しかし最近体力の衰えを感じる。走ることが困難になってきている。2か月くらい前に転んで少し足を痛く感じた。その後回復してきたがまだ走るとひざに痛みを感じる。眼はまだ裸眼で文庫本が読めるがだんだんしんどくなってきている。運転免許更新の際、静態視力0.4、動態視力0.1と判定され愕然とした。運転免許は更新したが、車は手放した。歯も歯槽膿漏などでだいぶ弱っている。内臓は軽い逆流性食道炎を指摘されている。できるだけ焦らずに食うようにしている。もちろん、あちらも。渡辺淳一ではない。
手もとに高校同期の山登りの会の案内が2通も来ている。大した山ではないが、もし山の中でなにかあったらと恐怖心が先立ち始め、答えを出していない。親父の年齢まで生きたとして、後15年、5000日余り、面白おかしくいきたい、と思っている。これまで経過した年月よりも、これから残ってるであろう年月を気にするようになったのはいつからであろうか。
Aさんと椿山荘をでてカラオケに行った。
昔は歌わぬと言っていたのに、最近彼女はカラオケに凝っている。彼女は耳の病気で大きな音に耐えられぬはず。しかし「ストレスを解消することが耳にも良いらしい。」と意に介さぬ。彼女宅を訪問すると、昔は大学で英語を教えていたから、その学習に余念がなかったが、最近は娘の「キーボード」をもちだし、練習しているではないか。

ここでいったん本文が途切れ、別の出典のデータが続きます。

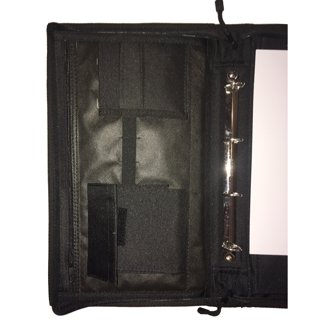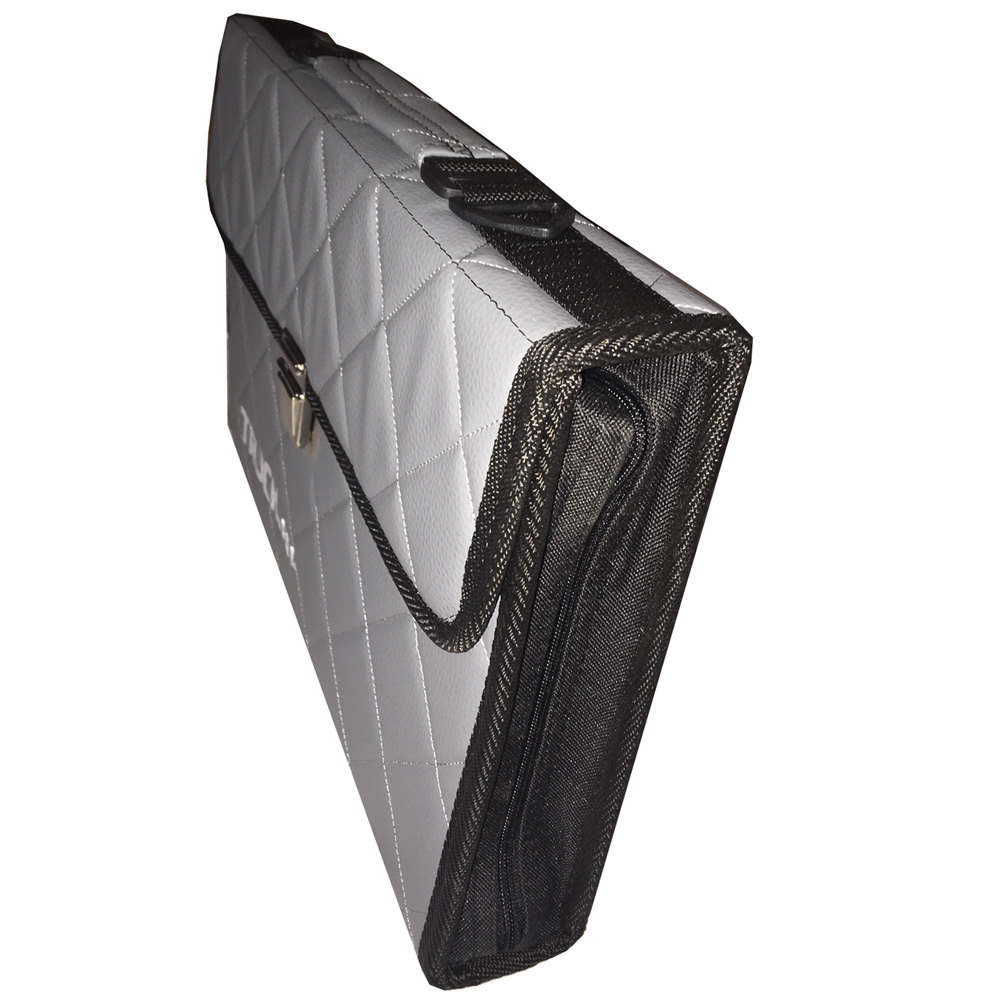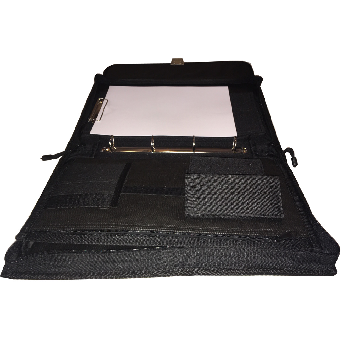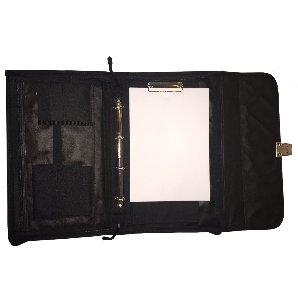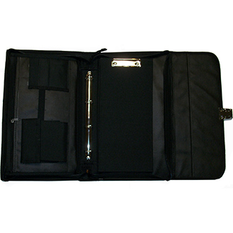 Porte document en similicuir (ou éco-cuir) 43x26x6 cm – Fermeture par clip et par zip – Plusieurs compartiments – Pince pour tenir les documents et anneaux pour les classer – Bandoulière de transport.

もっともさすがに私の詩吟入りカラオケは「耳に悪い」と不満であったが・・・・。今日は夕食も我が家で彼女とした。またカラオケ。カラオケ三昧の一日・・・・。もうすこし有意義なことに夢中になれば、との思いもあるが、なぜか気力がわかぬ。
人世とは・・・・・一体何なのだろう?
最近はやりの演歌の一節。「あれをごらんよ、真っ赤な夕日、落ちて行くのに、まだ燃えている・・・・」(南部蝉しぐれ)・・・・我我のことかもしれぬ、燃え続けよう。
(追記)24日。夕食にAさんが赤飯を作ってくれた。私は友人たちとの会合があったが、花鯛を二匹買って帰った。花鯛は真鯛ではないが鯛科で、味は鯛のように美味。やや小ぶりの物が多いそうだ。チダイともいう。塩焼にして食った。